For those interested in clinical diagnostics of genetic diseases, the ability to use the molecular information presented within our various genomic databases is somewhat limited. If you attempt to locate the common p.Q12X mutation within the NCBI Reference Sequence of the AMPD1 gene (which causes Adenosine Monophosphate Deaminase Deficiency), you will find that the 12th codon does not correspond to Glutamic Acid (the mutation, according to the current RefSeq gene (NM_000036.2), is actually p.Q45X) . For researchers and clinicians looking for SNP primers or probes for specific mutations, the lack of fidelity and congruency between reported mutations and the “curated” databases is more than a headache. I have personally spent hours chasing down one mutation only to remain uncertain as to whether or not I had located the proper nucleotide in the end.

What is the issue? Did the original researchers not properly locate the mutation? Is the Reference Sequence incorrect? What can be done to increase the ease with which we can not only locate a specific phenotype-associated variant, but determine the nucleotides immediately surrounding that locus as well?

Understanding the Genomic Databases

The National Center for Biotechnology Information (NCBI) provides an excellent summary of the differences between its two major databases: RefSeq and GenBank. The major distinction for those interested in clinical genetics is the fact that RefSeq is curated and GenBank is not. GenBank is essentially a public repository of all DNA sequences made available by researchers who are responsible for updating and maintaining their own submitted sequences. RefSeq is the database that attempts to provide one sequences as the “Reference Sequence,” usually determined by looking at the most common variants among the GenBank entries. RefSeq sequences are occasionally updated which is why it is always important to include the accession number of the gene when using the Reference Sequence.

RefSeq has greater utility because it provides linked records between the genomic DNA, the mRNA transcript (and cDNA record), and the translated protein. It would seem that locating a non-synonymous mutation should take just a few clicks.

An Arcane Nomenclature System

Okay, I admit, arcane is a bit harsh, but it is time to update our nomenclature system.
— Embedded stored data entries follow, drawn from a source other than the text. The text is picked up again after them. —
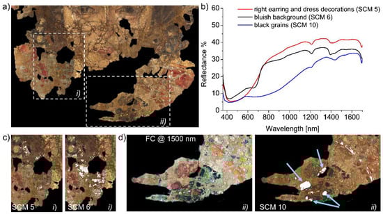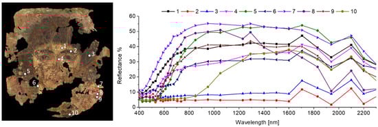 - Cloutis, E.; MacKay, A.; Norman, L.; Goltz, D. Identification of historic artists’ pigments using spectral reflectance and X-ray diffraction properties I. Iron oxide and oxy-hydroxide-rich pigments. J. Near Infrared Spectrosc. 2016, 24, 27–45. [Google Scholar] [CrossRef]
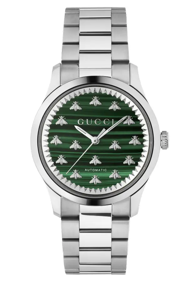 Gucci G-Timeless Multibee — это роскошные мужские часы, сочетающие в себе итальянскую элегантность, швейцарскую точность и современный стиль. На малахитовом зелёном циферблате расположены 15 миниатюрных серебряных пчёл, ставших одним из знаковых символов Gucci, символизирующих утончённость и индивидуальность.
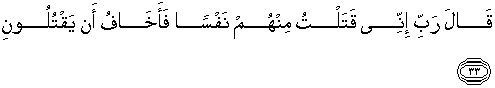 33. Musa berkata: "Ya Tuhanku sesungguhnya aku, telah membunuh seorang manusia dari golongan mereka, maka aku takut mereka akan membunuhku.
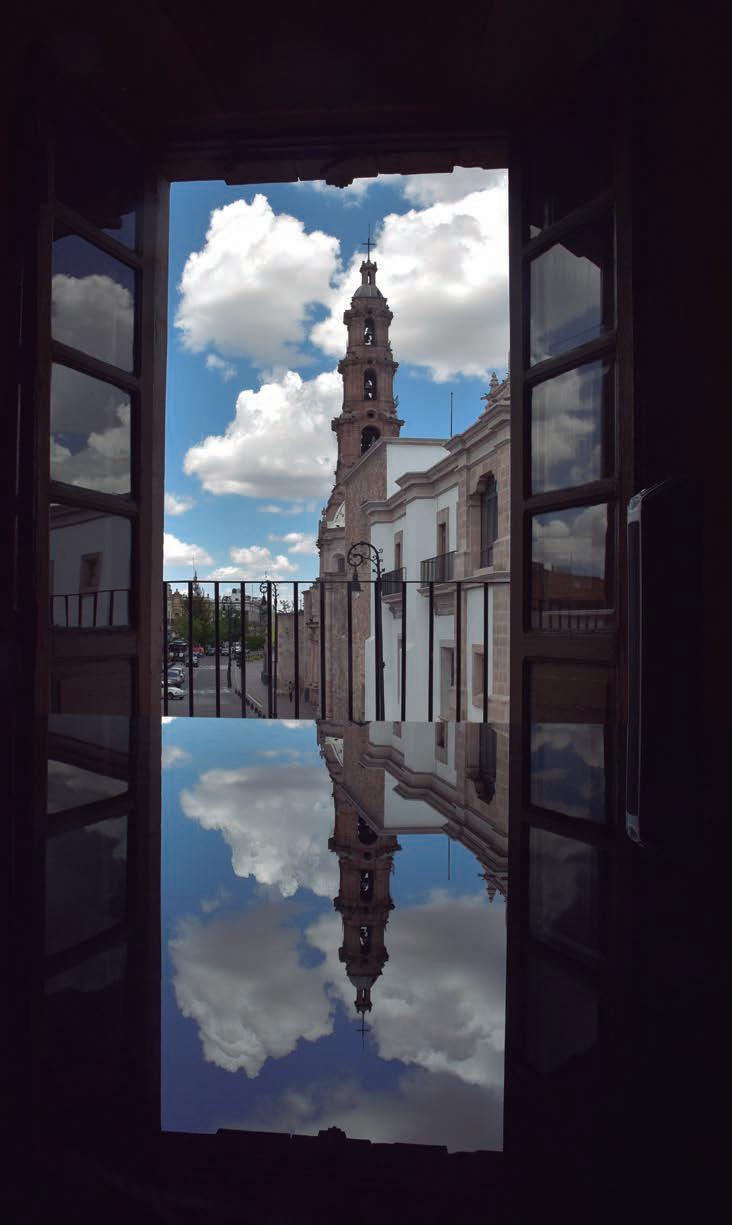 En fin, figuraciones aparte, en el centro de esta reflexión está la pregunta: ¿qué es lo que observa usted desde su lugar de trabajo? ¿Se siente afortunado con lo que tiene a su alrededor? Le pregunto porque durante poco más de año y me dio; poquitito más, este fue el paisaje que llenó mis ojos en las horas laborales, la torre de Catedral, y en primer plano la calle Moctezuma, a veces apacible, ge neralmente ruidosa y concurrida, el aire aderezado por las campanas y el reloj de la antigua parroquia de la Asunción… La calle Moctezuma y sus edificios dispare jos, los tinacos y las antenas, el banco, el Congreso del Estado, y en el fondo, como en la lotería, el antiguo edificio del Banco de Zacatecas y su vecino pétreo, la antigua Mercantil La Popular de Juárez y Madero, y más tinacos y antenas y alambres.

The Human Genome Variation Society (HGVS) provides the guidelines that are currently considered the best practice in naming sequence variants. They rely on coding DNA (cDNA) and essentially number the cDNA beginning with 1 for the first Adenine in the initiation (ATG) codon. There are obvious drawbacks to using cDNA, the most important being lack of numerical assignments for intronic nucleotides.

More and more intronic mutations are being found to account for deleterious phenotypes. Yet, the original (deprecated) system for naming intron variants looks something like this: IVS3+22G>A (interpretation: the G 22 basepairs from the beginning of intron 3 is changed to an A). There always seems to be some ambiguity when I come across mutations described this way: we can also write IVS3-98G>A (the G 98 basepairs from the end of intron 3 is changed to an A).

More recently, it has been recommend to describe intronic mutations according to the closest possible cDNA location. Our mutation above might now be described as c.195+22G>A (cDNA nucleotide 195 is the last nucleotide found on exon 3 (which immediately precedes intron 3). Or, we might write it as c.196-98G>A.

Let’s be practical for a second. This is terrible indexing. If I want to find an intronic mutation, it will be indexed according to the cDNA record of the relevant gene. Fine, but if I search the cDNA for nucleotide 195, the intron is spliced out of the transcript, so I cannot locate the sequence of interest there. Instead, I have to take the last few base pairs from exon 3 of the cDNA transcript, open up the gDNA (genomic DNA) transcript, and search for these base pairs. Then, once I have discovered where this exon ends in the genomic DNA, I must count 22 base pairs forward to locate the nucleotide of interest (this will all be in vain if the mutation was reported incorrectly in the literature).

The lesson here: although the RefSeq genomic DNA is linked to the cDNA and the protein records, the actual nucleotides/codons/amino acids are not indexed together.

A Standardized Index: Making Sure Mutation Nomenclature is Static

The cDNA naming convention grew out of the fact that the ability to completely sequence genomic DNA for the major part of the 20th century was very limited. It made sense for mutations to be reported based on the cDNA because it reflected the two more easily obtainable (and more static) records of that time: the mRNA transcript and the protein sequence. However, now that the Human Genome Project has paved the way for easier sequencing, and we are constantly improving a standard Reference Sequence, it makes much more sense to name mutations in terms of their genomic DNA (gDNA) location.

As reported by Flicek et al., the Locus Reference Genomic (LRG) sequence format is being developed specifically for the purpose of accurately indexing genomic variants. The LRG will provide a static record for every gene of interest, and this record WILL NOT CHANGE. It may be annotated, etc., but in the interest of preserving reported mutations, the backbone sequence (and subsequent base pair numbers will not change).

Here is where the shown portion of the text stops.